6 Weird Ways Survivors Of Narcissistic Abuse Behave Around Kind People

The third strange behavior is that you thank people excessively for doing the bare minimum — fawning. Someone holds the door open for you and you thank them three times. A friend checks in and you send a paragraph-long message telling them how grateful you are. Someone does something small and thoughtful and you react like they just donated a kidney. It’s like being stranded in a desert for years and then someone hands you a glass of water. You don’t just drink it — you cry over it. You hold it like it’s made of gold. You thank that person over and over because you can’t believe someone would just hand you water without expecting you to crawl for it first. The narcissist made basic kindness feel like a luxury. They made you earn every crumb of affection. So when someone gives you a whole slice of bread freely, you don’t know what to do with it. You over-thank because deep down you still believe love is something you must pay for or earn. Every time someone gives it to you for free, it feels like a glitch in the system.

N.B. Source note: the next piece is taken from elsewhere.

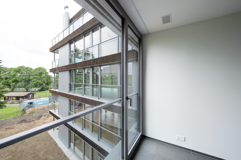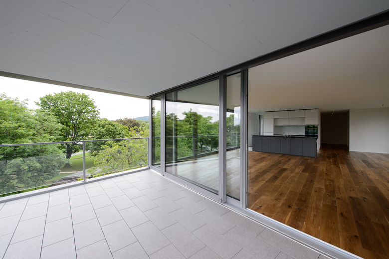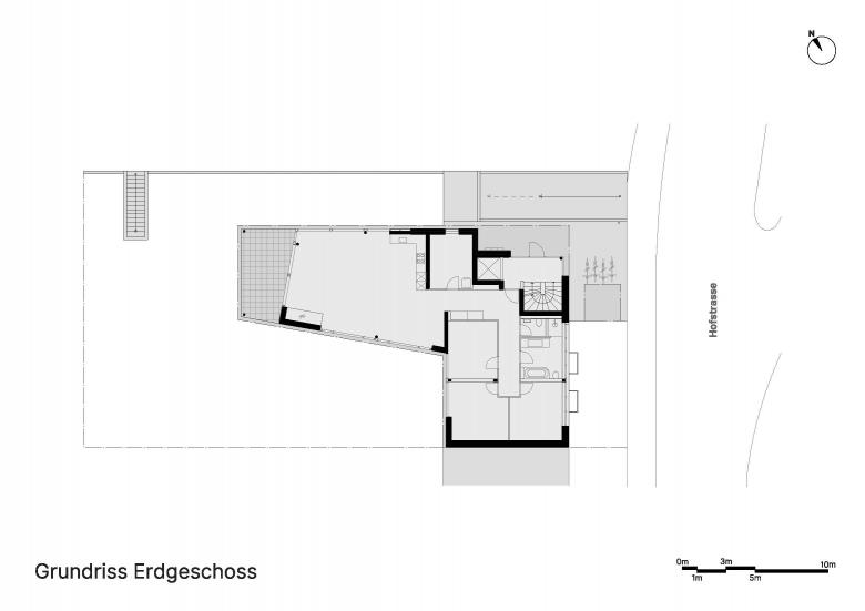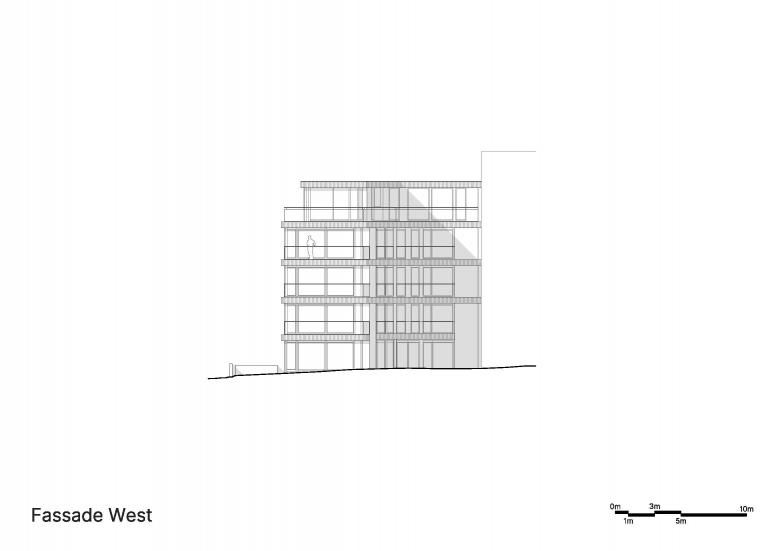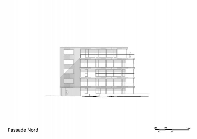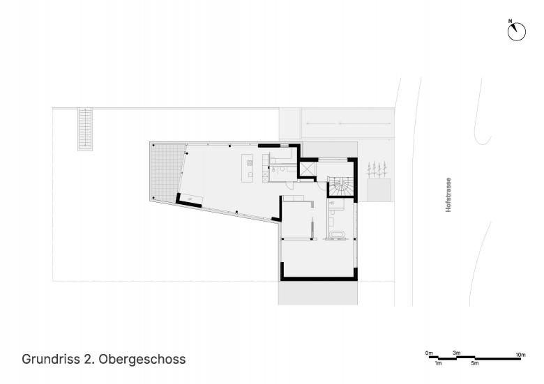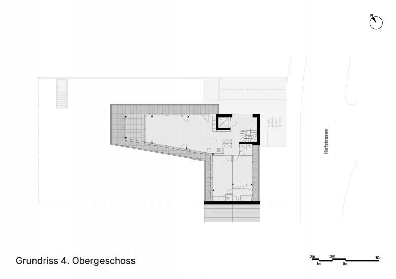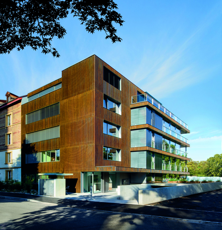 Das Gebäude mit fünf Eigentumswohnungen bietet Sicht auf den Rhein und grenzt an das unverbaubare Grüngebiet „Rheinpark“ in der Nähe der Kraftwerkanlage Birsfelden. Das winkelförmige Gebäude ist Abschluss des Strassenzuges der Hofstrasse. Das Gebäude zeichnet sich durch seine einzigartige Form und Fassadenstruktur mit hinterlüfteten Cortenstahl-Lamellen aus. Die Gebäudehülle ist energetisch optimiert, die Wohnungen haben gehobenen Ausbaustandard mit Komfortlüftung. Vom Erdgeschoss bis ins 3. Obergeschoss befinden sich 4 4.5-Zimmer-Wohnungen, im Attika eine 3.5-Zimmer-Wohnung mit grosser Terrasse. Wohnen, Essen und Kochen der Wohnungen sind auf die Flusslandschaft ausgerichtet.

The fourth strange behavior is that you struggle to receive compliments. When someone gives you a genuine compliment, you swat it away immediately. They tell you you look beautiful and you say, “Oh, this old thing.” They tell you you did an amazing job and you reply, “It was nothing — anyone could have done it.” They tell you they admire you and you physically squirm, like the words are burning your skin. It’s like someone throws you a flower and you duck because in your world, things that fly toward you are supposed to hurt. The narcissist used compliments like a fisherman uses bait — dangling something beautiful just to hook you. They told you you were incredible right before they ripped you apart. They built you up so they could tear you down from a greater height. So when a kind person says something genuinely beautiful about you, your brain cannot accept it as real. You deflect. You minimize. You redirect, because something inside you still believes that if you accept the compliment, the punishment that follows will hurt twice as much.

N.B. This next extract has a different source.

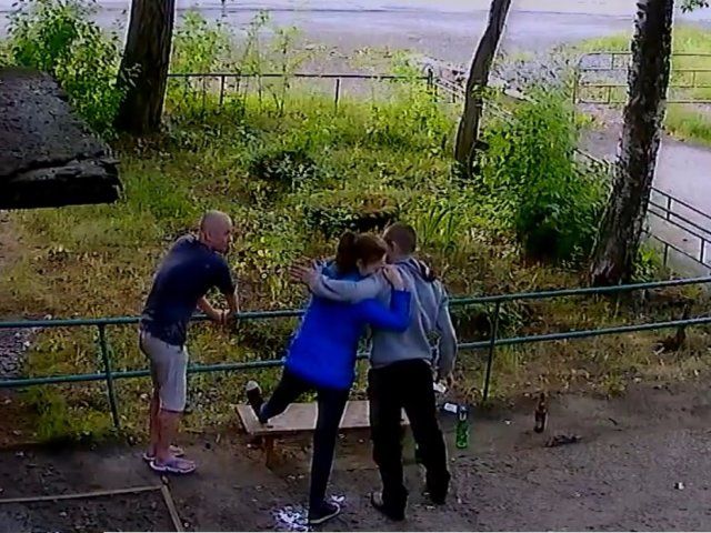 В происходящее вмешивается жилец из подъезда. Тогда компания ставит скамейку на место, убирает за собой мусор и удаляется. Девушка при этом идет сама, опираясь на руку приятеля.

That fear of taking up space goes even further than deflecting compliments. It affects how you exist around others entirely. The fifth behavior is that you apologize for existing. You say sorry for asking a question. You say sorry for having an opinion. You say sorry for being hungry, for being tired, for needing help — for taking up space in a room you have every right to be in. You walk through life like a guest in your own home, knocking on your own front door and asking permission to enter. The narcissist trained you to believe your needs were an inconvenience, your emotions a burden, and the very act of wanting something selfish. So you learned to shrink. You made yourself so small you could slip through the cracks of a conversation without disturbing anyone. Now you carry that smallness into every interaction with every kind person. You apologize before you speak. You apologize after you speak. You apologize for apologizing. The kind person standing in front of you has no idea why you keep saying sorry for breathing.